**The task**
Your response to the data below should hold nothing except the lines from the one containing "Здесь фартук готов" down to the one containing "Beta Species Diversity", reproduced exactly and without pictures.

───── Raw data

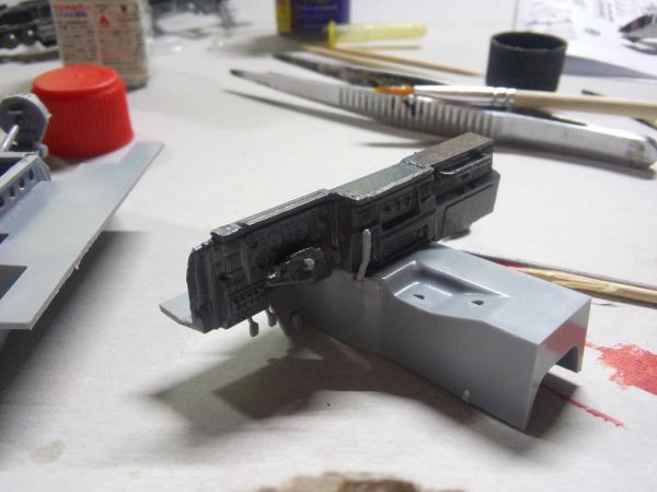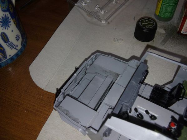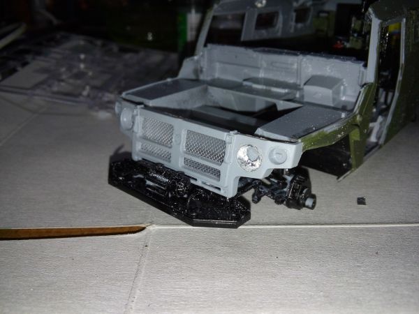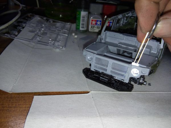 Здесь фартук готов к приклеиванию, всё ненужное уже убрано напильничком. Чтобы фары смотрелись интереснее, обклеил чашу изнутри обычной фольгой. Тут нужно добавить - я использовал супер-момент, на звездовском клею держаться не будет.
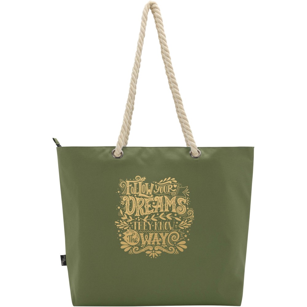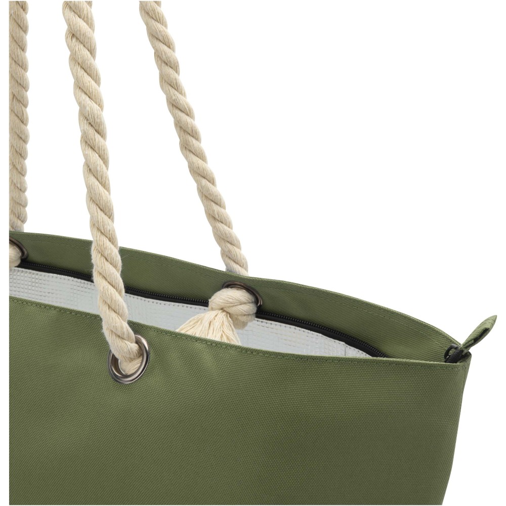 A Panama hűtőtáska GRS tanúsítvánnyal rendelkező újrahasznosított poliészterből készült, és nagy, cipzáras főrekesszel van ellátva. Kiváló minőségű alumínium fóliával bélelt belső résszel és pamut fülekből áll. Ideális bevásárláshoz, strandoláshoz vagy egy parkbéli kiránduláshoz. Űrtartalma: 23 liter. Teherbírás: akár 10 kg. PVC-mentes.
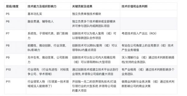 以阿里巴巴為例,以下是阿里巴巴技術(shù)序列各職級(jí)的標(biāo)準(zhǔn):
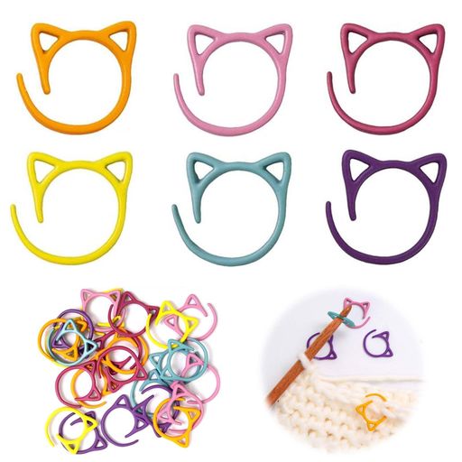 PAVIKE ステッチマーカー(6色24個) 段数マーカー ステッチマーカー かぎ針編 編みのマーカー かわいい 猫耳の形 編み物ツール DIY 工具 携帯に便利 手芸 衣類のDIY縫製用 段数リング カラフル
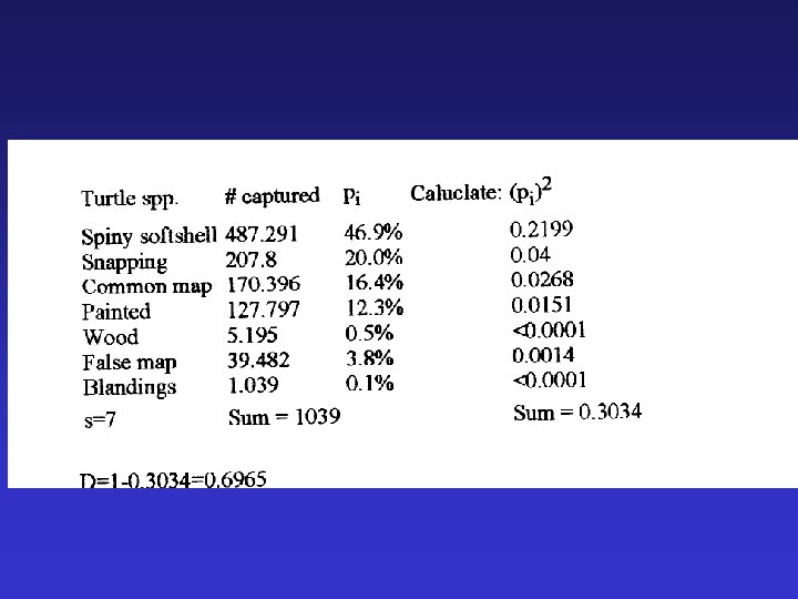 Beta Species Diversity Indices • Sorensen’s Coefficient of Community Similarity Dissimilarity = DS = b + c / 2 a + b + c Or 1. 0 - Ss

──────────
───── Raw data

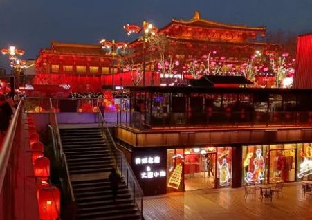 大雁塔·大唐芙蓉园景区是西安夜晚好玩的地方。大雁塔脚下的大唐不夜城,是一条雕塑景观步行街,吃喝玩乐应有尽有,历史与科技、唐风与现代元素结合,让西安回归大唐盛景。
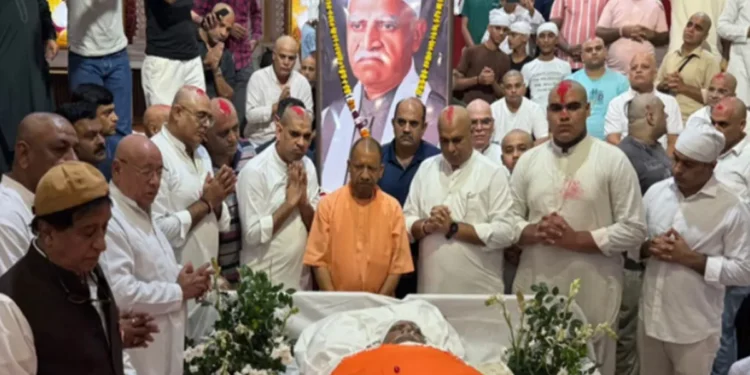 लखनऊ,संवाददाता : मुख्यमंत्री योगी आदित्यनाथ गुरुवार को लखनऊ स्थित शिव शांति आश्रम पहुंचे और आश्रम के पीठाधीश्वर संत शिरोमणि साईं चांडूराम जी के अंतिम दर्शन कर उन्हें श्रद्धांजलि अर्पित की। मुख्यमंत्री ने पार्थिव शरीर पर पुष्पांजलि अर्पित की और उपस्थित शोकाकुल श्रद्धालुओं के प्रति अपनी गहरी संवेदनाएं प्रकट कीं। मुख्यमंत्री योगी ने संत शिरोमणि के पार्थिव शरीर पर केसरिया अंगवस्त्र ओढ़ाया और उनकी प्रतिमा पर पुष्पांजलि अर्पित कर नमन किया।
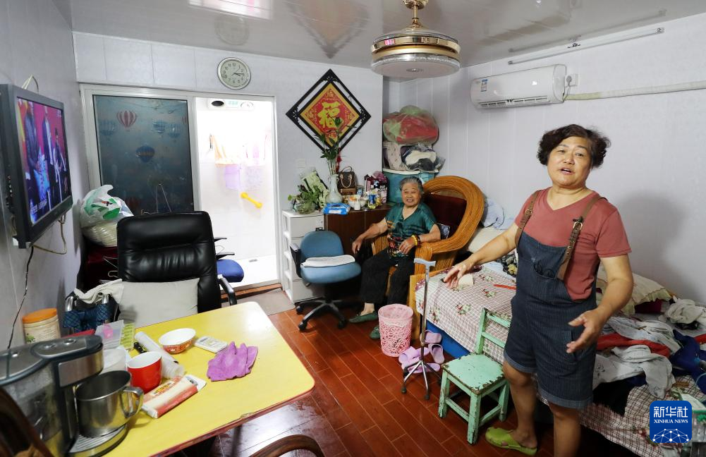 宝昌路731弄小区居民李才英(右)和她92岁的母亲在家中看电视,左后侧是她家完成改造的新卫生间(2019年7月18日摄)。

──────────
───── Raw data

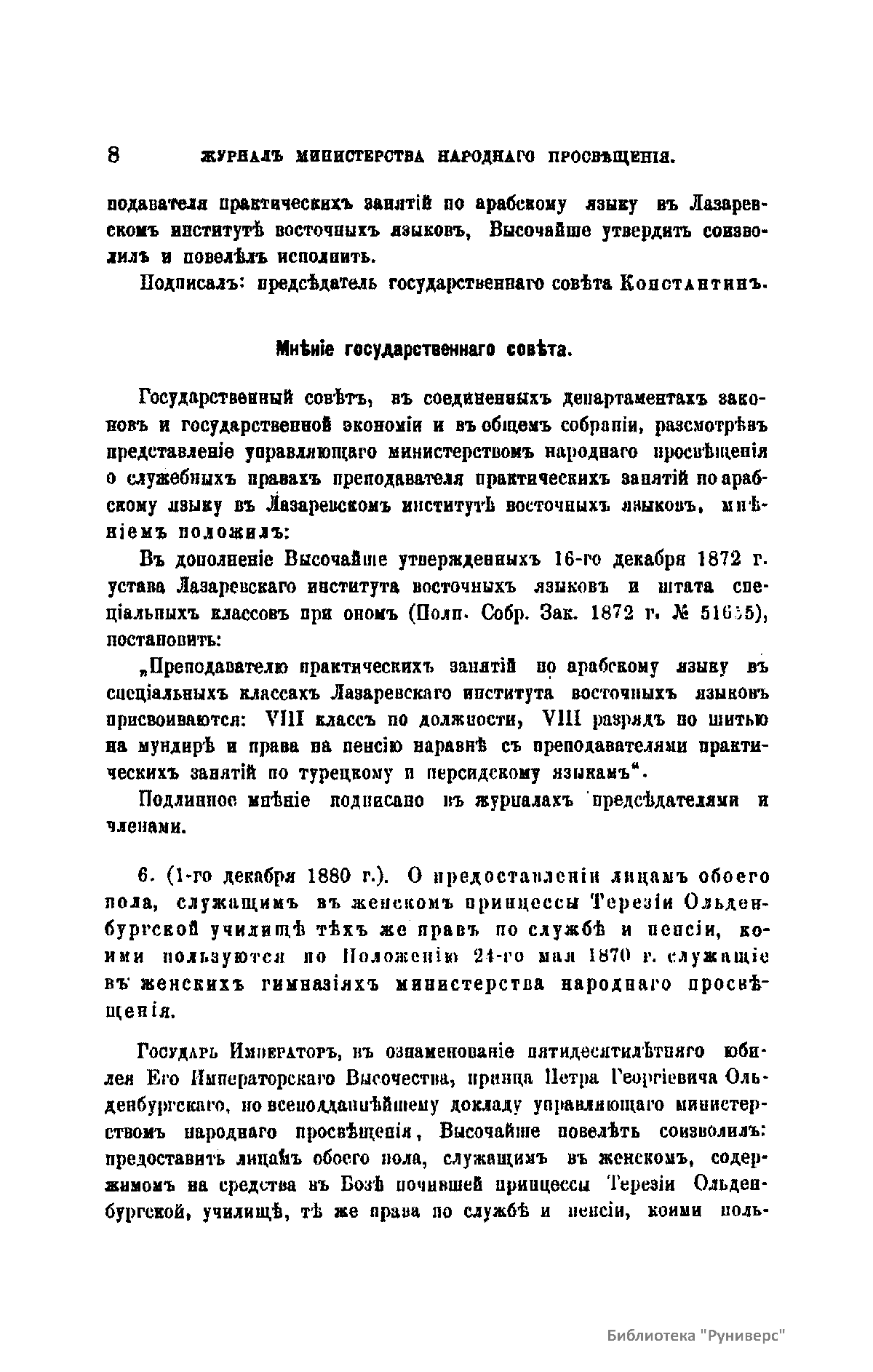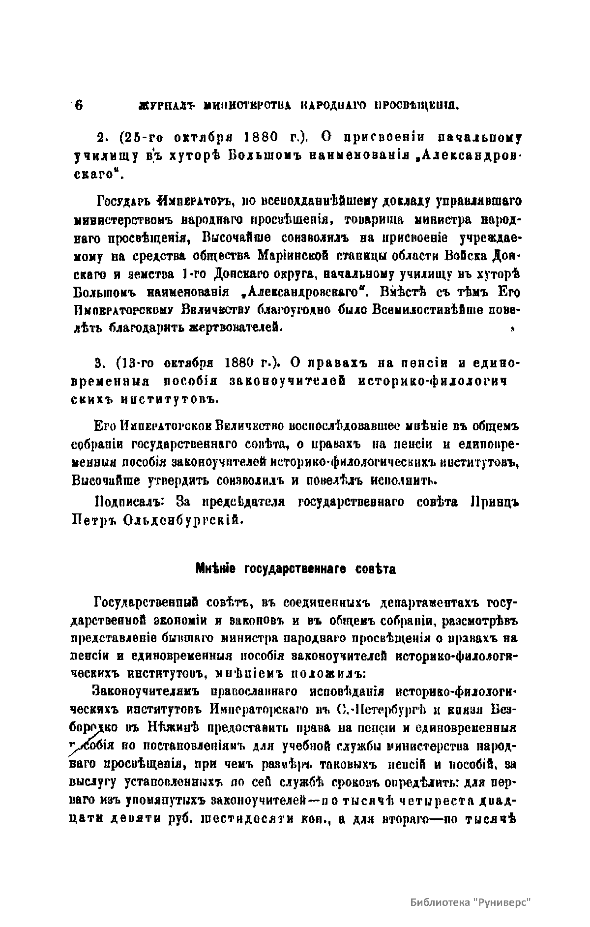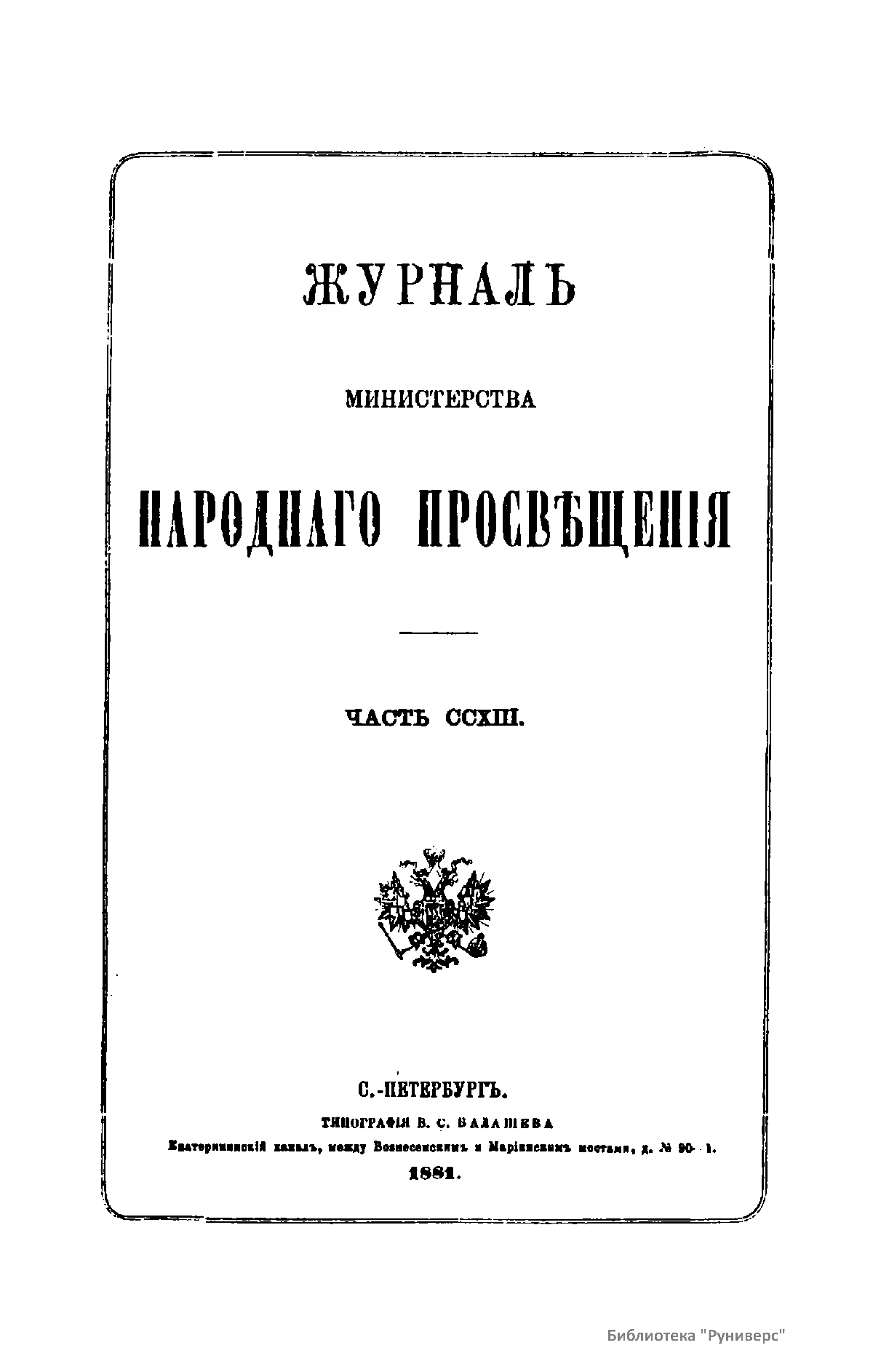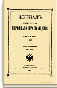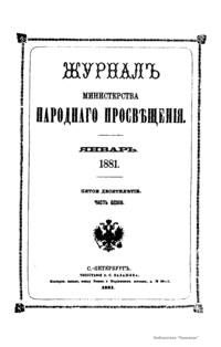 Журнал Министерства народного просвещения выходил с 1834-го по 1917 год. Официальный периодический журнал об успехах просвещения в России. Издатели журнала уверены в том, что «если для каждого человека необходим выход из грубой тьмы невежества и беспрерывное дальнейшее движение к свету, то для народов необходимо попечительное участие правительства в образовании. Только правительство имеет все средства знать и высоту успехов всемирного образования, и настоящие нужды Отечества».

──────────

**Exercise answer**
 Здесь фартук готов к приклеиванию, всё ненужное уже убрано напильничком. Чтобы фары смотрелись интереснее, обклеил чашу изнутри обычной фольгой. Тут нужно добавить - я использовал супер-момент, на звездовском клею держаться не будет.
 A Panama hűtőtáska GRS tanúsítvánnyal rendelkező újrahasznosított poliészterből készült, és nagy, cipzáras főrekesszel van ellátva. Kiváló minőségű alumínium fóliával bélelt belső résszel és pamut fülekből áll. Ideális bevásárláshoz, strandoláshoz vagy egy parkbéli kiránduláshoz. Űrtartalma: 23 liter. Teherbírás: akár 10 kg. PVC-mentes.
 以阿里巴巴為例,以下是阿里巴巴技術(shù)序列各職級(jí)的標(biāo)準(zhǔn):
 PAVIKE ステッチマーカー(6色24個) 段数マーカー ステッチマーカー かぎ針編 編みのマーカー かわいい 猫耳の形 編み物ツール DIY 工具 携帯に便利 手芸 衣類のDIY縫製用 段数リング カラフル
 Beta Species Diversity Indices • Sorensen’s Coefficient of Community Similarity Dissimilarity = DS = b + c / 2 a + b + c Or 1. 0 - Ss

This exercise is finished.